▶ **SUPPLIED RECORDS**:
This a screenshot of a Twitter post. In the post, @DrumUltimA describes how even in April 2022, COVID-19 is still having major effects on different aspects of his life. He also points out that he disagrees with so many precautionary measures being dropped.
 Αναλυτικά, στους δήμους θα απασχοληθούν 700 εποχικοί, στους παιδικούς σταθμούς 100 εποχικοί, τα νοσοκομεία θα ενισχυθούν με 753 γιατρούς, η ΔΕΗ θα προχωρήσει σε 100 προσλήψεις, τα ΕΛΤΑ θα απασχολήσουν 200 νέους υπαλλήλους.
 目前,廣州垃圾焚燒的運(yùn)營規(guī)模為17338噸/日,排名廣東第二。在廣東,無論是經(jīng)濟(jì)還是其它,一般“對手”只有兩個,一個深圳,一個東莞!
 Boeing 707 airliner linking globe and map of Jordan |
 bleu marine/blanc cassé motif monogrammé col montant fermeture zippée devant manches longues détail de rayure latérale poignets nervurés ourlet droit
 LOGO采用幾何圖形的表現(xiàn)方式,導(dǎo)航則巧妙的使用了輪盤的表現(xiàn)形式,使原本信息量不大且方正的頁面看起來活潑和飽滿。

* * *

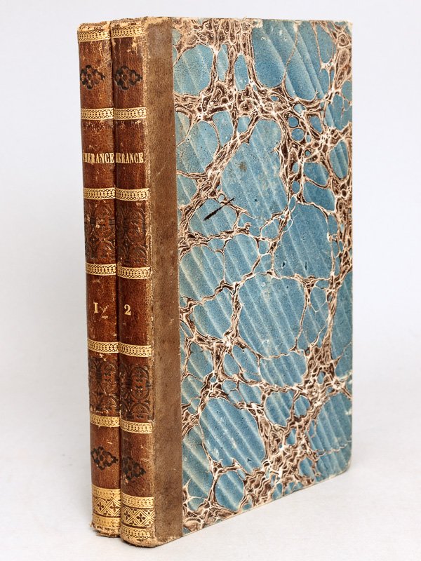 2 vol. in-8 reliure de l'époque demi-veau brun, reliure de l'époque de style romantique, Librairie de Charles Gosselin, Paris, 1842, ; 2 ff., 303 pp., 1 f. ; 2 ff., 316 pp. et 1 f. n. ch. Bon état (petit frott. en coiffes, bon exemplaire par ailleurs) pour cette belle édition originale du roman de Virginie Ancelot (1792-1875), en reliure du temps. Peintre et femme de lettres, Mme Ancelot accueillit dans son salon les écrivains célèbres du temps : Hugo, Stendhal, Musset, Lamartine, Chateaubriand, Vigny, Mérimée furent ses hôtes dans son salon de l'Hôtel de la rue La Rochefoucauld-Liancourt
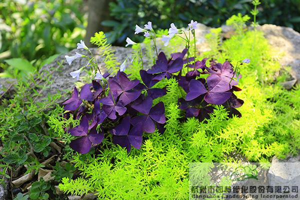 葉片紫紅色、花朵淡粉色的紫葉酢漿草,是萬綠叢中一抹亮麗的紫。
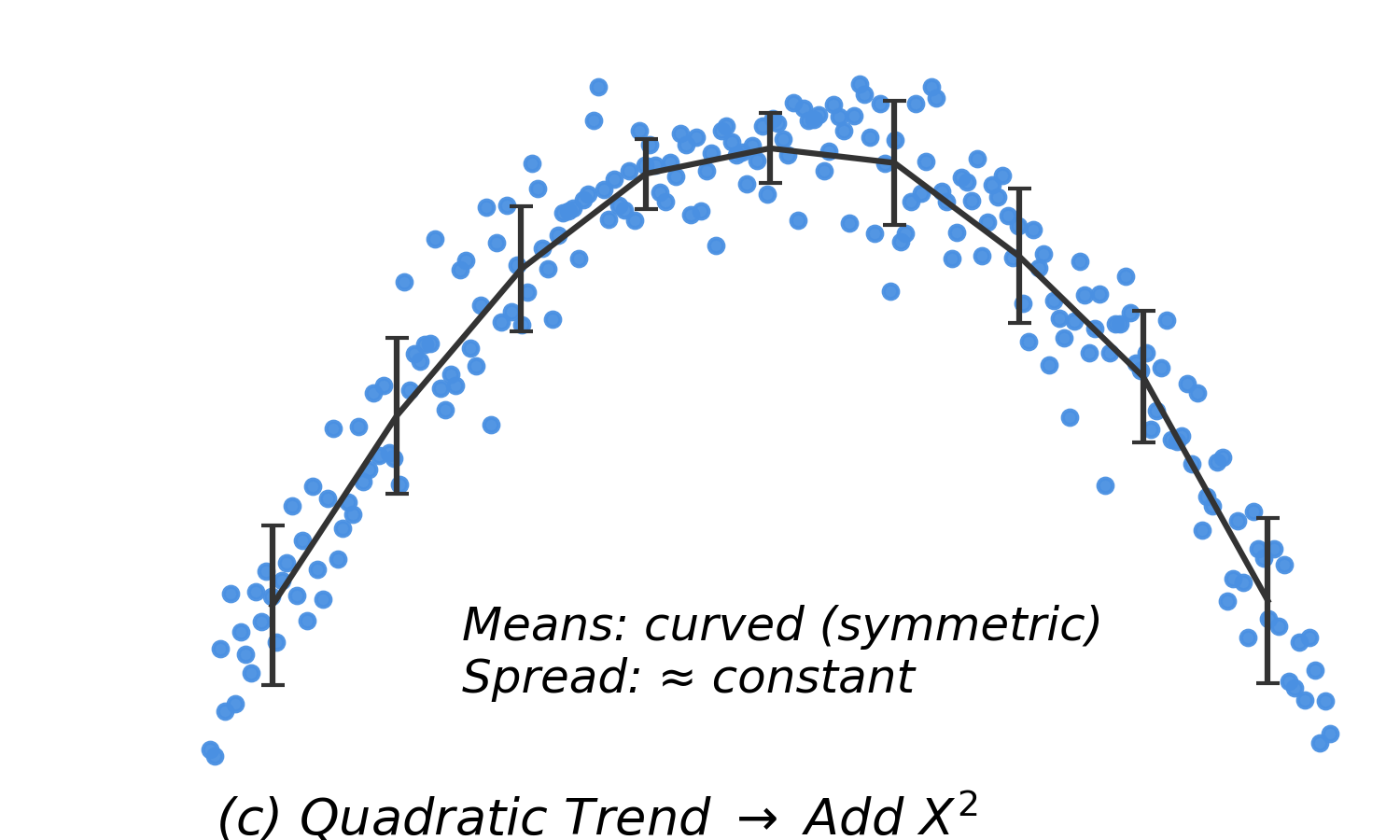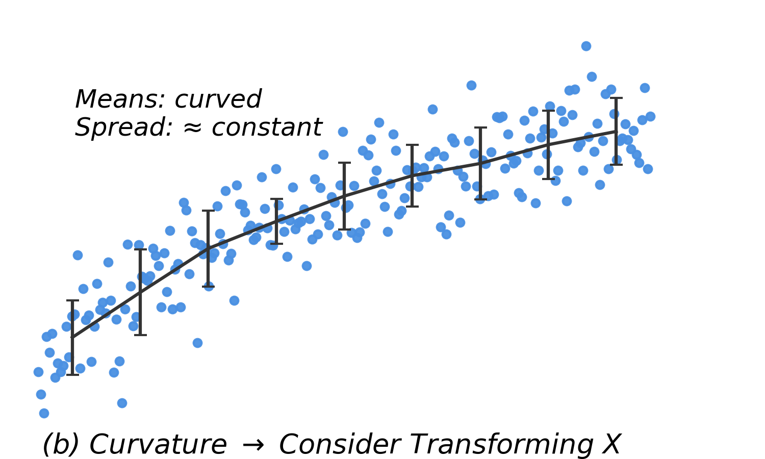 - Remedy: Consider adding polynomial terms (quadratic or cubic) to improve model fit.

▶ **REQUIREMENT**:
Within the listing above, find the line containing "葉片紫紅色、花朵淡粉色的紫葉酢漿草,是萬綠叢中一抹亮麗的紫。" and the line containing "- Remedy: Consider". Transcribe them and everything between them exactly, leaving out the pictures.

▶ **WRITTEN ANSWER**:
 葉片紫紅色、花朵淡粉色的紫葉酢漿草,是萬綠叢中一抹亮麗的紫。
 - Remedy: Consider adding polynomial terms (quadratic or cubic) to improve model fit.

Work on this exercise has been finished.